There is no clear pronouncement from the Supreme Court in the matter.
While prior practice regarding foreign arbitral awards indicated that certain interim and partial foreign awards may be recognized and enforced under Mauritian law provided that the claimant undertakes to resolve the issues omitted by the arbitral tribunal. However, this is probably no longer the case given that the relevant provisions of the CCP to that effect have been repealed.
Rather, the travaux préparatoires of the IAA 2008 mentions that the position of Mauritius is identical to S. 47 of the English Arbitration Act 1996, which hints that an award should likely make a final determination on an issue affecting the whole claim or on part of the claim or cross-claims submitted to the tribunal.
Additionally, S. 22 of the IAA 2008 provides the possibility for interim measure that are titled as an award by a foreign arbitral tribunal to be enforced on application to the Supreme Court. A party who seeks or has obtained recognition or enforcement of an interim measure must promptly inform the Supreme Court of any termination, suspension or modification of such measure.
Given the repeal of the provisions of the CCP, the current position of the Mauritian Courts with respect to domestic awards remains unsettled.
Yes. There are significant differences between the grounds for the refusal of recognition of domestic and foreign arbitral awards, with the former being subject to stricter judicial scrutiny.
Enforcement of a domestic award can be refused on the grounds that the:
- Arbitrator made an award without the arbitration agreement or based on an agreement that is null or has expired.
- Composition of the arbitral tribunal was incorrect, or the sole arbitrator was wrongly designated.
- Arbitrator(s) acted beyond their mandate.
- Parties were not given an opportunity to present their case.
- Arbitrator violated the public policy of Mauritius.
- Arbitrator(s) failed to state the reason for their decision.
- Arbitral award was not signed by all the arbitrators or by a majority of arbitrators.
- Arbitral award does not contain information on the:
- name of arbitrators who rendered the award;
- date of the award;
- place where the award was made;
- names or titles of the parties; or
- name of the lawyers or any person who represented or assisted the parties.
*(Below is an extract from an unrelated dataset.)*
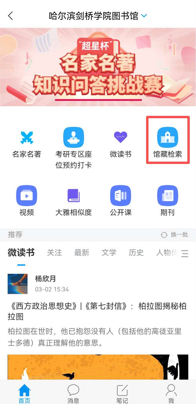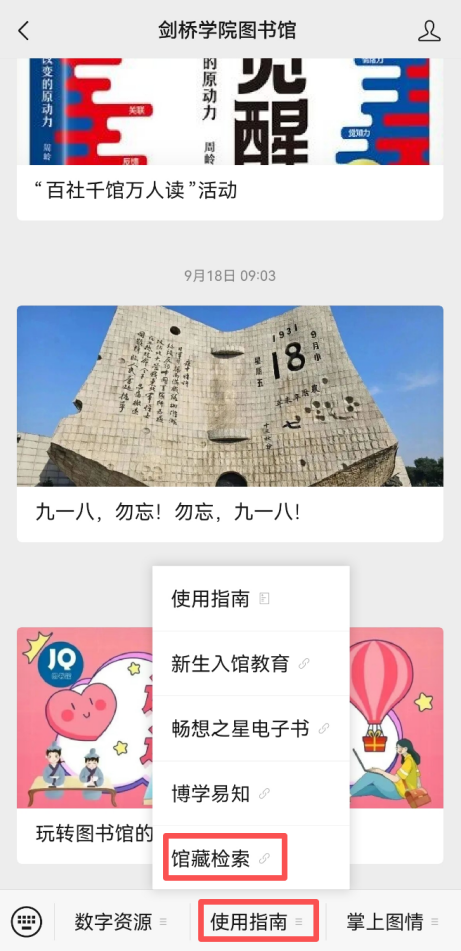 微信公众号关注剑桥学院图书馆,关注后在下方点击使用指南-馆藏检索

For foreign arbitral awards and international arbitral awards rendered under the IAA 2008, the New York Convention grounds apply.
Mauritian Courts have interpreted the public policy violation defence in a restrictive manner. While the Supreme Court in Cruz City 1 Mauritius Holdings v Unitech Limited & Anor [2014 SCJ 100] originally adopted the standard of ‘international public policy’, whereby the Court would only verify whether the award is contrary to the international public policy of Mauritius, this standard is probably no longer the prevailing standard.
More recently, in Essar Steel Limited v Arcelormittal USA LLC [2021 SCJ 248] the Supreme Court confirmed that it would only deny enforcement of an arbitral award if it would violate the ‘public policy of Mauritius as the enforcing state’. However, the Court still maintained its high threshold, noting that it would only deny enforcement of awards that would violate the most basic notions of morality and justice of Mauritius.
The Supreme Court’s review powers are also rather limited in light of the Judicial Committee of the Privy Council’s judgment in Betamax v State Trading Corporation [2021 UKPC 14]. In that case, the Board had highlighted that the court had a limited role with regard to an application for the setting aside of an international arbitration award on the ground of public policy. Such restrained review is likely to apply to recognition and enforcement proceedings.